Seems complicated...

> <snip>
> The details about when a slave is in sync will get more important as
> soon as we have synchronous streaming.

Yeah, a lot of that logic and states is completely unnecessary until we
have a synchronous mode. Even then, it seems complex.

Here's what I've been hacking:

First of all, walreceiver no longer tries to retry the connection on
error, and postmaster no longer tries to relaunch it if it dies. So when
Walreceiver is launched, it tries to connect once, and if successful,
streams until an error occurs or it's killed.
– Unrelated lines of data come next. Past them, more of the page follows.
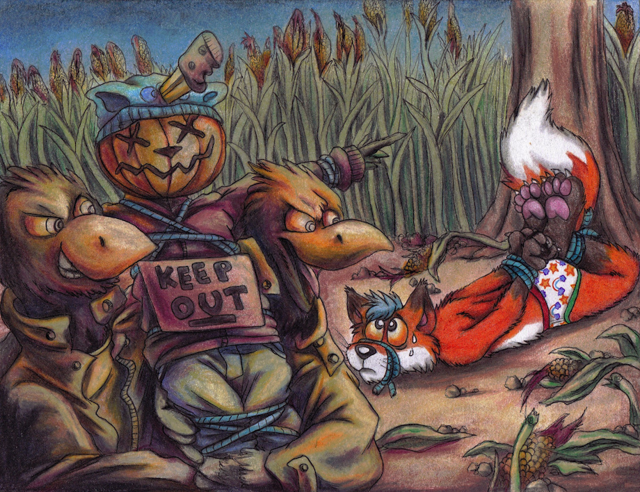 Shortly, the fox is left hogtied on his stomach, watching, as the crows quickly build a dummy and dress it up with his clothes; they stuff it with straw, and tie it firmly, before adding a crudely carved pumpkin for a head, and nailing the fox's hat to it with a kitchen knife. They add a warning sign as a last ominous touch to their creature.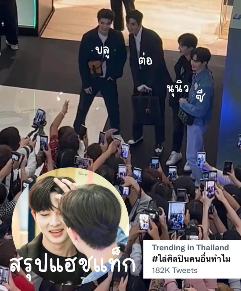 สืบเนื่องจากเหตุการณ์ของ “ต่อ ธนภพ และ บลู พงศ์ทิวัตถ์” ที่ถูกแฟนคลับของคู่จิ้น “ซี พฤกษ์ และ นุนิว ชวรินทร์” ที่โบกมือให้ขยับออกห่างจากคู่จิ้นเพื่อจะเก็บภาพโมเมนต์แบบเต็ม ๆ ทำให้ชาวโซเชียลเกิดเสียงวิพากย์วิจารณ์อย่างหนักว่า เสียมารยาทและไม่เหมาะสม จนเกิดทันที และมีการเรียกร้องให้แฟนคลับผู้กระทำสิ่งนั้นออกมาขอโทษต่อและบูลอย่างจริงใจและเป็นทางการ และติดเทรนด์ทวิตเตอร์อันดับ 1 เมืองไทยสำหรับ #ไล่ศิลปินคนอื่นทําไม
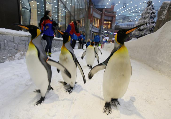 King Penguins walk in Ski Dubai at Mall of the Emirates during a media briefing, United Arab Emirates. Reuters Archive

When startup process needs more WAL to continue replay, the logic is in
pseudocode:

while (<need more wal>)
{
if(<walreceiver is alive>)
{
wait for WAL to arrive, or for walreceiver to die.
}
else
{
Run restore_command
If (restore_command succeeded)
break;
else
{
Sleep 5 seconds
Start walreceiver
}
}
}

So there's just two states:

1. Recovering from archive
2. Streaming

We start from 1, and switch state at error.

This gives nice behavior from a user point of view. Standby tries to
make progress using either the archive or streaming, whichever becomes
available first.

Attached is a WIP patch implementing that, also available in the
'replication-xlogrefactor' branch in my git repository. It includes the
Read/FetchRecord refactoring I mentioned earlier; that's a pre-requisite
for this.

The code implementing the above retry logic in XLogReadPage(), in xlog.c.